• INFORMATION SHOWN

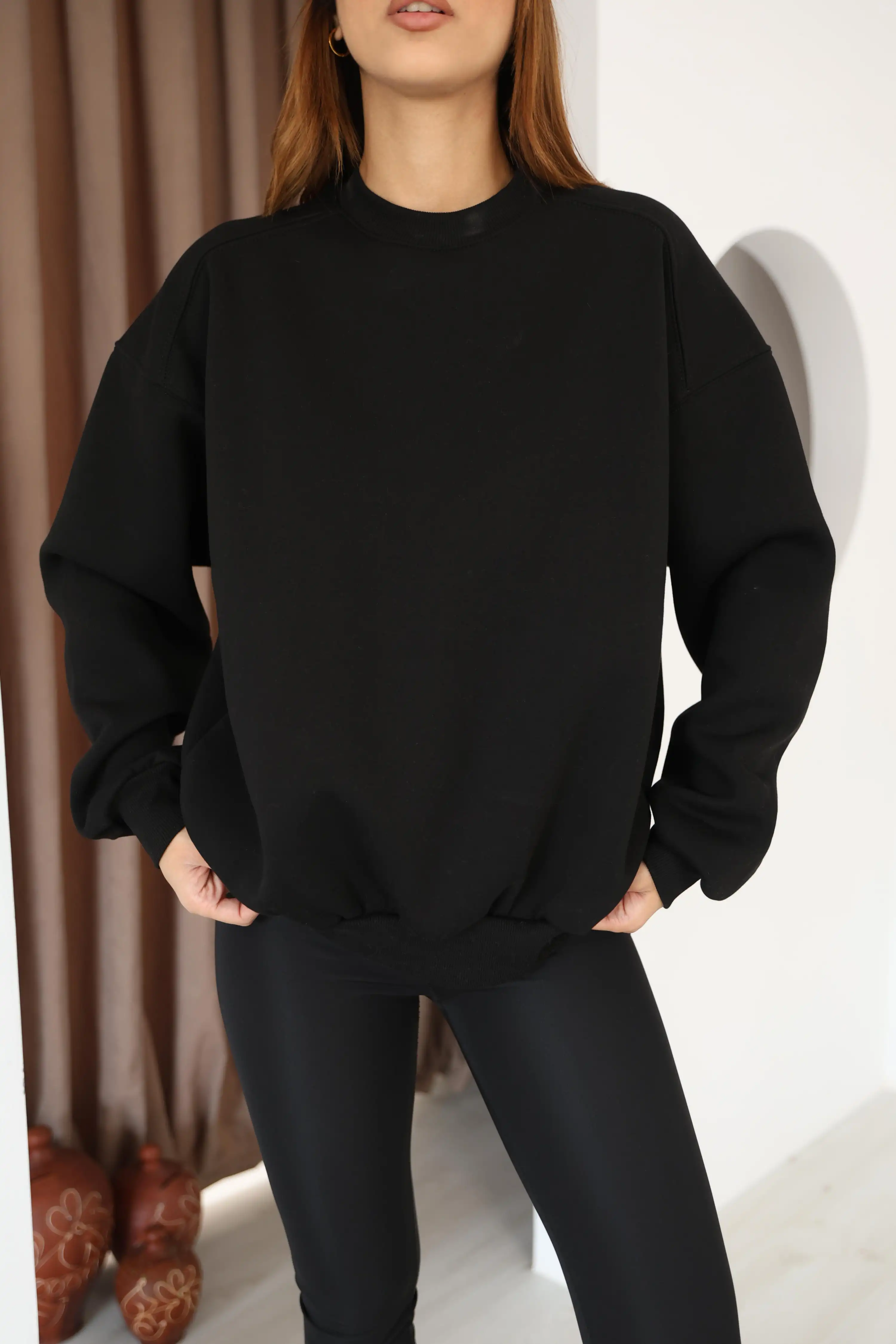 OVERSİZE ŞARDONLU SWEAT-SİYAH
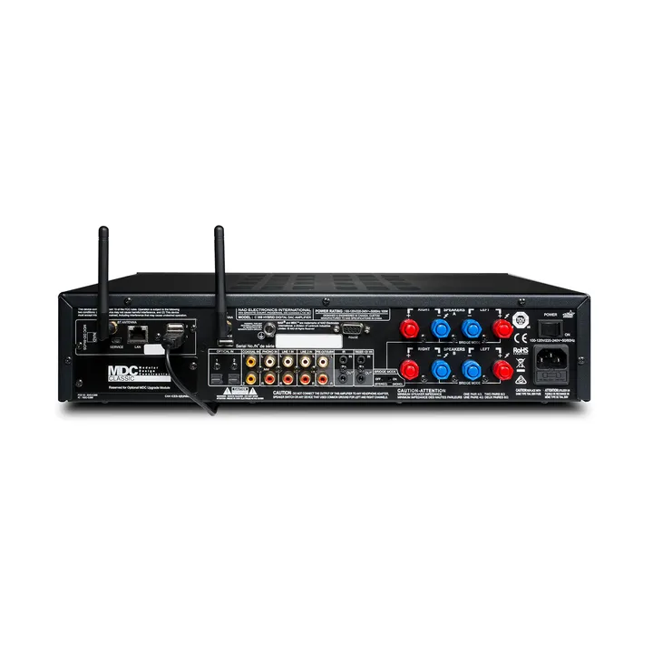 Tro det eller lad være: Alt dette er kun begyndelsen! C368 har nemlig også to pladser til NAD's geniale MDC-opgraderingsmoduler, og så går festen op i et endnu højere gear. Hvad siger du for eksempel til at få wi-fi og markedets mest velspillende trådløse multirums-musiksystem bygget ind i forstærkeren? Så nemt som at sige "Bluesound"!
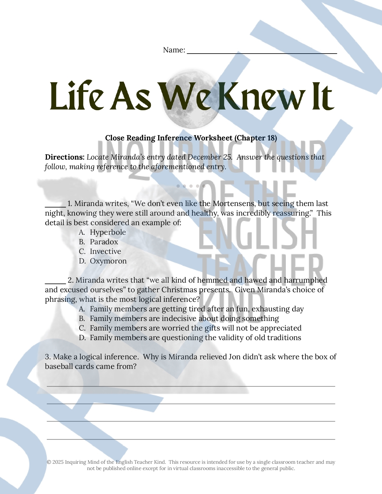 Inferences Worksheet 2 Reading Activity
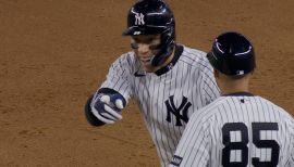 In 112 games with the Yankees (88 starts in RF, 19 at DH, 1 in CF), hit .278 (115-for-413) with 77R, 22 doubles, 27HR, 67RBI, 76BB and 6SB…the Yankees went 21-6 when he homered in 2018...Was a finalist for the AL Gold Glove Award in RF...Hit .352/.471/.699 (69-for-196) with 47R, 14 doubles, 18HR, 45RBI and 20 multi-hit games in 56 contests at Yankee Stadium…did not go consecutive home games without a hit over a 59-game stretch at Yankee Stadium (9/17/17-7/26/18)…hit safely in 17 consecutive home games from 9/17/17-4/16/18…had at least 1RBI in a franchise-record 14 straight home games from 9/18/17-4/7/18…was tied for the fourth-longest such streak in the Majors since RBI became an official statistic in 1920...Appeared in each of the Yankees' first 56 games of the season (3/29-6/4 G2)...Hit 25HR before the All-Star break, becoming the fourth player to hit at least 25HR before the break in two different seasons as a Yankee and just the second to do so in consecutive years, joining Roger Maris (1960-61), Mickey Mantle (1956 and '61) and Jason Giambi (2003 and '06)...Had a career-long 14-game hitting streak from 9/17/17-3/29/18…had an eight-game streak of drawing at least one walk from 9/24/17-3/29/18, matching the longest streak of his career...Made his first Major League start (and appearance) in CF in 3/31 loss at Toronto...Reached base safely in 23 of his 25 games in April (all except 4/27 and 4/29 at Los Angeles-AL), including each of his first 21 games of the month...Was 3-for-3 with an HR off Red Sox starter Chris Sale on 4/10…entered 0-for-12 with 10K in his career vs. Sale…became the first player to record 3H off Sale in one game since he joined the Red Sox before the 2017 season…prior to Judge, the last player with a three-hit game vs. Sale was Detroit's Miguel Cabrera, who went 4-for-4 with two solo HRs against Sale on 9/5/16 at Chicago-AL...Celebrated his 26th birthday on 4/26…his 63 career homers prior to turning 26 rank 13th in franchise history and are fifth-most in the last 50 years (Mattingly-94, Murcer-77, Jeter-70, Sánchez-71)...Had at least 1RBI in seven straight games from 5/6-13 (14RBI), tying the longest RBI streak of his career (also 7G: 9/24-30/17)...Hit game-winning two-run HR in the 13th on 6/6 at Toronto…was his first career extra-inning HR and was the latest Yankees HR to break a 0-0 tie since Alex Rodriguez's 15th-inning two-run "walk-off" HR on 8/7/09 vs. Boston...Hit game-winning solo HR in the eighth inning on 6/9 at the Mets…was the third straight game the Yankees hit a go-ahead HR in the eighth-inning-or-later, their first time doing so since 8/29-31/77 (three straight - Chambliss, Rivers and Nettles)…Judge hit two of those homers after having just one go-ahead HR in the eighth-inning or-later over his first 239 career games...Started in LF and went 1-for-2 with 1R, 1HR, 1RBI and 1BB in the AL's All-Star Game win on 7/17…his solo HR off Scherzer to lead off the second inning was the first of 10HR hit in the game and the first All-Star homer by a Yankee since Jason Giambi in 2003…became the third Yankee to homer in an All-Star Game at age 26-or-younger, joining Joe DiMaggio (1936) and Mickey Mantle (1955 and '56)…was selected by fans to his second straight AllStar team…is one of five position players drafted by the Yankees to make the All-Star team multiple times as a Yankee (also Thurman Munson, Don Mattingly, Derek Jeter and Jorge Posada)…received a fan-elected starting assignment for the second straight year and is the first Yankee to start at least two straight ASGs since Robinson Canó (2010-13) and first Yankees OF to start two straight since Curtis Granderson (2011-12)...Was 1-for-1 with 1R in 7/26 win vs. Kansas City before being removed from the game in the fourth for PH (Andújar) after being hit by a pitch in the first inning…underwent an MRI at NewYork-Presbyterian Hospital and was diagnosed with a chip fracture of the right wrist (ulnar styloid bone)…was placed on the 10-day disabled list with the injury from 7/27-9/14 (missed 45 team games)…in a simulated game at Yankee Stadium on 9/17, had 11 live at-bats off of RHP A.J. Cole, RHP Chance Adams and minor-league LHP Phillip Diehl...Hit the Yankees' 264th home run of the season with a solo HR in the eighth inning of 9/28 win at Boston, tying the single-season Major League record (1997 Seattle Mariners)…was his first HR since 7/21 vs. the Mets, snapping a 15-game homerless stretch (49AB) and 11-game stretch without a homer since returning from the D.L...Hit .421/.500/.947 (8-for-19) with 6R, 1 double, 3HR, 4RBI and 3BB in five postseason games…homered in each of the first 3G, joining Hank Bauer (1958 World Series Games 1-3) as the only Yankees to homer in each of the team's first three postseason games in a year (note: Johnny Mize homered in 1952 World Series Games 3-5 after missing the first 2G of the Series)…became the third player to begin a postseason with 3G with at least 2H and 1HR, joining St. Louis' Matt Carpenter in 2014 and the Yankees' Hank Bauer in 1958...Hit a two-run HR in the first inning of the Wild Card Game…with an exit velocity of 116.1 mph, was briefly the hardest-hit postseason HR of the Statcast era (since 2015), until Stanton's HR surpassed it later in the game...Set a postseason career high in hits in ALDS Game 1 at Boston, going 3-for-5 with a ninth-inning solo HR.
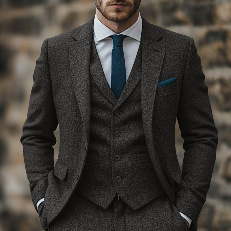 Men's Business Casual Tweed Suits Notch Lapel Black Light Grey Business Formal Solid Colored Tailored Fit 3 Piece Single Breasted Two-buttons
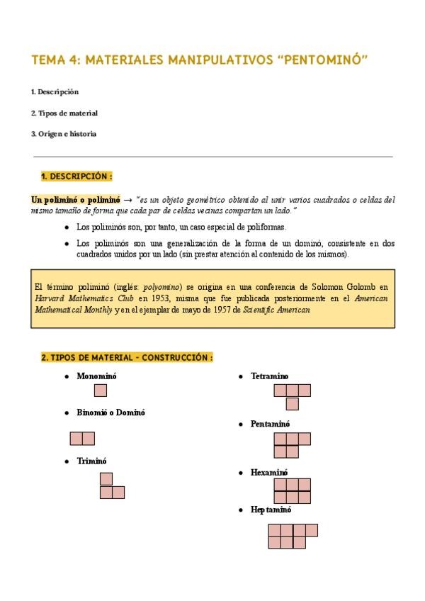 He publicado nuevos apuntes de 4º Didáctica de las Matemáticas: BLQ-3-TEMA-4--MATERIALES-MANIPULATIVOS--PENTOMINO---1.pdf
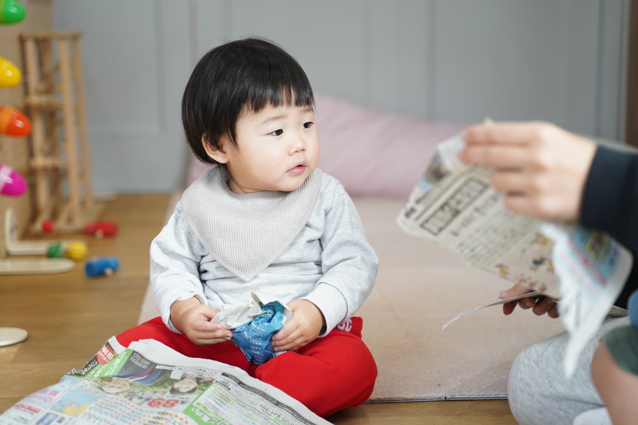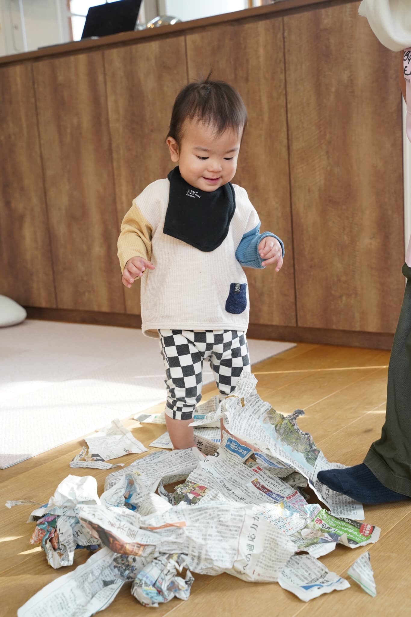 新聞1つでいろんな音や感触、手足の動きを楽しめたね♩
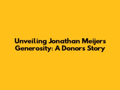 Unveiling Jonathan Meijer's Generosity: A Donor's Story
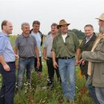 Wie Zusammenarbeit von Naturschützern auf lokaler Ebene funktioniert, das zeigten die Hallerndorfer Jagdgenossen bei einer Besichtigung eines Vorzeige-Blühfeldes am Ortsrand von Hallerndorf am 21. Juli. Drei Hektar Ackerland sind auf Initiative von Jagdpächter Johannes Seuberth für fünf Jahre in eine Blühwiese umgewandelt worden. „Es gehört schon auch ein wenig Idealismus dazu“, lobte er Landwirt Alfred Dormann, der seine Ackerfläche für das gemeinsame Projekt in Hallerndorf zur Verfügung gestellt hat. „Zusätzlich zu meinen vorgeschriebenen 5% an Greening-Flächen“, wie Dormann betont. Das Werben der Hallerndorfer Jagdgenossen und Imker für eine Erweiterung der bestehenden Blühflächen stießen beim größten örtlichen Landwirt auf offene Ohren. Die Maßnahme wird im Rahmen des Kulturlandschaftsprogramms gefördert. Bis zu drei Hektar pro Betrieb werden vom Freistaat bezuschusst. Abgeordneter Michael Hofmann war neben dem Imker-Kreisvorsitzenden Wolf-Dieter Schröber, dem Vorsitzenden der Hallendorfer Imker, Albert Bauer, sowie dem Hegeringleiter der Unteren Mark Hubertus Bauer eingeladen, sich vor Ort ein Bild vom neuen Vorzeigeprojekt in Hallerndorf machen zu können. „Wir möchten Akteure in anderen Ortschaften zeigen, wie Naturschutz auf unterster Ebene funktionieren kann“, erklärte Johannes Seuberth. Insgesamt sind in der Hallerndorfer Flur in den letzten drei Jahren mittlerweile 11 Hektar an zusätzlichen Blühflächen entstanden. Johannes Seuberth ist nicht nur der Jagdpächter, sondern selbst Imker und seit einiger Zeit Bio-Landwirt im Nebenerwerb. Daher kann er sich in die jeweiligen Positionen hineinversetzen. „Ein Vollerwerbslandwirt wie Alfred Dormann muss vom Anbau auf seinen Flächen leben können. Nebenerwerbslandwirte haben es da etwas einfacher“, gibt er zu bedenken. „Flächen für Blühwiesen zu finden ist meist gar nicht so einfach“, weiß auch der Imker-Kreisvorsitzende Schröber zu berichten. Er sagte: „Da nützen uns noch mehr runde Tische nichts. Aktionen vor Ort sind meistens am fruchtbarsten“. Der Abgeordnete Michael Hofmann freute sich, dass die Hallerndorfer Jagdgenossen mit dieser Aktion auf die möglichen Fördermaßnahmen im Freistaat aufmerksam machen. Mit Praktikern vor Ort sei vieles machbar. Vielleicht seien manche Fördermöglichkeiten noch immer nicht bekannt genug, daran will er gerne gemeinsam mit den lokalen Akteuren arbeiten. „Man muss auch darlegen, was jeder davon hat“, fügte Hegeringleiter Hubertus Bauer hinzu. Er hält die Schaffung von Blühflächen für ein wichtiges Thema, gerade auch für die Jäger: „Das Niederwild geht immer mehr zurück, Fasane sind bei uns fast nicht mehr zu sehen. Solche Flächen sind Nahrungs-, Brut- und Rückzugsräumen für viele Wildtiere.“ Jagdpächter Johannes Seuberth war sich zum Abschluss beim Blick auf die blühende Wiese mit Sonnenblumen, Margeriten, Phazelien, Wildkräutern und vielen mehr sicher: „Wir werden in der Hallerndorfer Flur noch einiges an Blühflächen schaffen. Immer in Zusammenarbeit mit allen Beteiligten. Da hat jeder was davon!“
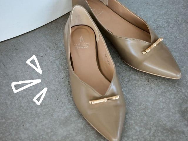 シャープなVカットが脚のラインを美しく見せてくれそうなパンプスは、アッパーについたメタルリボンが華やかな印象。肌馴染みの良いベージュを選べば、脚長効果も期待できそうです。フラットタイプで歩きやすさもあり、忙しく動き回る日でも快適に過ごせそうなのが嬉しいポイント。きれいめなワンピースから、あえてカジュアルなパンツスタイルの引き締め役まで。足元からトレンドを賢く取り入れてみて。
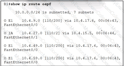 Refer to the exhibit. An engineer configured two ASBRs, 10.4.17.6 and 10.4.15.5, in an OSPF network to redistribute identical routes from BGR However, only prefixes from 10.4.17.6 are installed into the routing table on R1. Which action must the engineer take to achieve load sharing for the BGP-originated prefixes?

• TRY IT
What you need to copy is the run of lines from the one holding "シャープなVカットが脚のライ" through the end of the data, exactly and only, both ends included, pictures omitted.

• RESULT BELOW
 シャープなVカットが脚のラインを美しく見せてくれそうなパンプスは、アッパーについたメタルリボンが華やかな印象。肌馴染みの良いベージュを選べば、脚長効果も期待できそうです。フラットタイプで歩きやすさもあり、忙しく動き回る日でも快適に過ごせそうなのが嬉しいポイント。きれいめなワンピースから、あえてカジュアルなパンツスタイルの引き締め役まで。足元からトレンドを賢く取り入れてみて。
 Refer to the exhibit. An engineer configured two ASBRs, 10.4.17.6 and 10.4.15.5, in an OSPF network to redistribute identical routes from BGR However, only prefixes from 10.4.17.6 are installed into the routing table on R1. Which action must the engineer take to achieve load sharing for the BGP-originated prefixes?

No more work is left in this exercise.